A second avenue of research was dedicated to the investigation of factors which can help to explain the large heterogeneity and complexity of cortisol stress responses. While some individuals show a large increase in free cortisol levels after, e.g., a laboratory stressor, there are other subjects who will show a moderate, blunted or even absent cortisol response (with similar cardiovascular responses in those subjects). Most interestingly, these endocrine response differences can not be attributed to differences in subjective stress responses as assessed by questionnaires. As shown in [Figure - 2], this response heterogeneity is not typical for psychosocial stress responses, but can be regarded a characteristic of the HPA axis. Similar inter-individual differences are observed in response to pharmacological or physical challenges.
Several studies from this laboratory have been able to identify some of the factors responsible for the heterogeneity in salivary cortisol response patterns. For this research program, the development of a laboratory stress protocol which induces significant responses of HPA hormones was indispensable. The "Trier Social Stress Test" (TSST) was finally found to provide large enough response magnitudes and betweensubject variation for studies on stress modulators (Kirschbaum et al. 1993). The TSST is a laboratory stress protocol which mainly consists of a public speaking and a mental arithmetic task. Of prime importance to the study of HPA responses is that subjects have to perform this task in front of an "evaluation panel" of 2-3 persons with mock video and audio taping of the subject's performance. This 13-minute stress protocol induces sizable increases in ACTH, total and free cortisol, prolactin, growth hormone, catecholamines and other hormones as well as heart rate (Kirschbaum et al. 1994; Kudielka et al. 1998).

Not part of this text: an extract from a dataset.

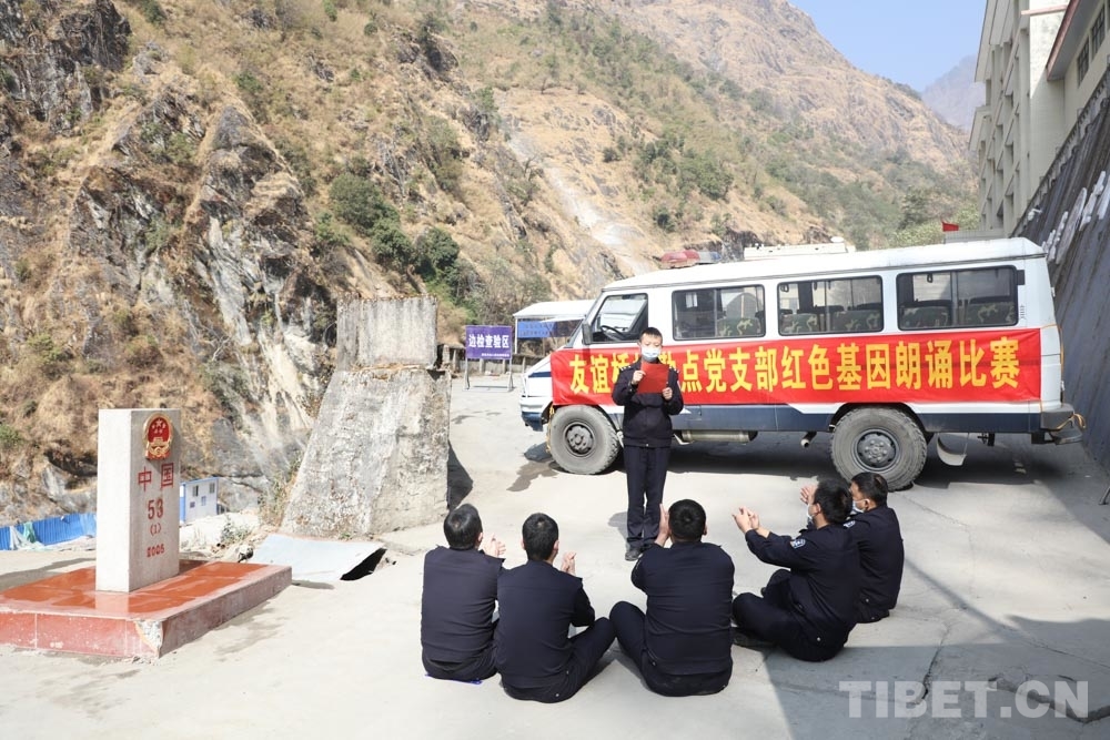 中國西藏網(wǎng)訊 為提升完善四強黨支部建設,豐富一線執(zhí)勤民警文化生活,1月27日,西藏自治區(qū)聶拉木出入境邊防檢查站友誼橋執(zhí)勤點在53號界碑旁舉行紅色基因朗誦比賽,為中國共產(chǎn)黨百年華誕獻禮。
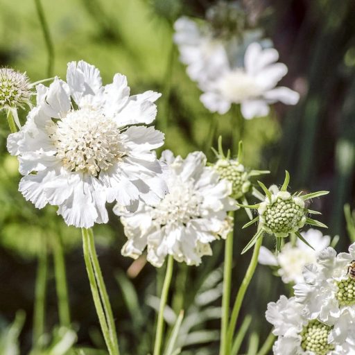 Virágai nagyobb méretűek, általában 6-8 cm átmérőjűek. Színük tiszta fehér, közepük enyhén domború, finoman rajzolt szerkezetű. A virágzás júniustól egészen szeptemberig tarthat, különösen ha az elnyílt virágokat eltávolítjuk.

In numerous studies the TSST was used for an in-depth look at the factors which are associated with or responsible for a hypo- and hyperreactive HPA axis. As is known from animal studies showing significant differences in HPA activity in different strains of mice or rats, also in humans genetic factors may influence the HPA axis. A study of mono and dizygotic twins revealed a rather high genetic determination for salivary cortisol baseline levels but only moderate to low resemblance of TSST responses in identical twins (Kirschbaum et al. 1992). In contrast, female sex steroids appear to exert a more profound influence on the cortisol stress response. Women using estrogen-containing oral contraceptives show blunted or absent salivary cortisol responses to the TSST as well as to physical exercise (Kirschbaum et al. 1995; Kirschbaum et al. 1996). This response decrement is not due to smaller ACTH and/or cortisol secretion, but rather a consequence of the medication-induced rise in CBG levels. Thus, women on oral contraceptives show the same endocrine response cascade to psychosocial stress, however, with an apparently important difference at the target tissue level: Increased CBG levels bind more cortisol released from the adrenal cortex in response to stress, thus there is a weaker cortisol signal to the target tissue in women on oral contraceptives, because cortisol bound to CBG can not exert its effects on the cell. Further experimental evidence for a strong impact of female sex steroids on cortisol responses came from a study in which young men received an estradiol or placebo patch 24-48 hours before being exposed to the TSST. Estradiol-treated men showed a clear-cut increase in ACTH and salivary cortisol responses to the TSST, again without a significant difference in subjective stress responses between the two groups (Kirschbaum et al. 1996).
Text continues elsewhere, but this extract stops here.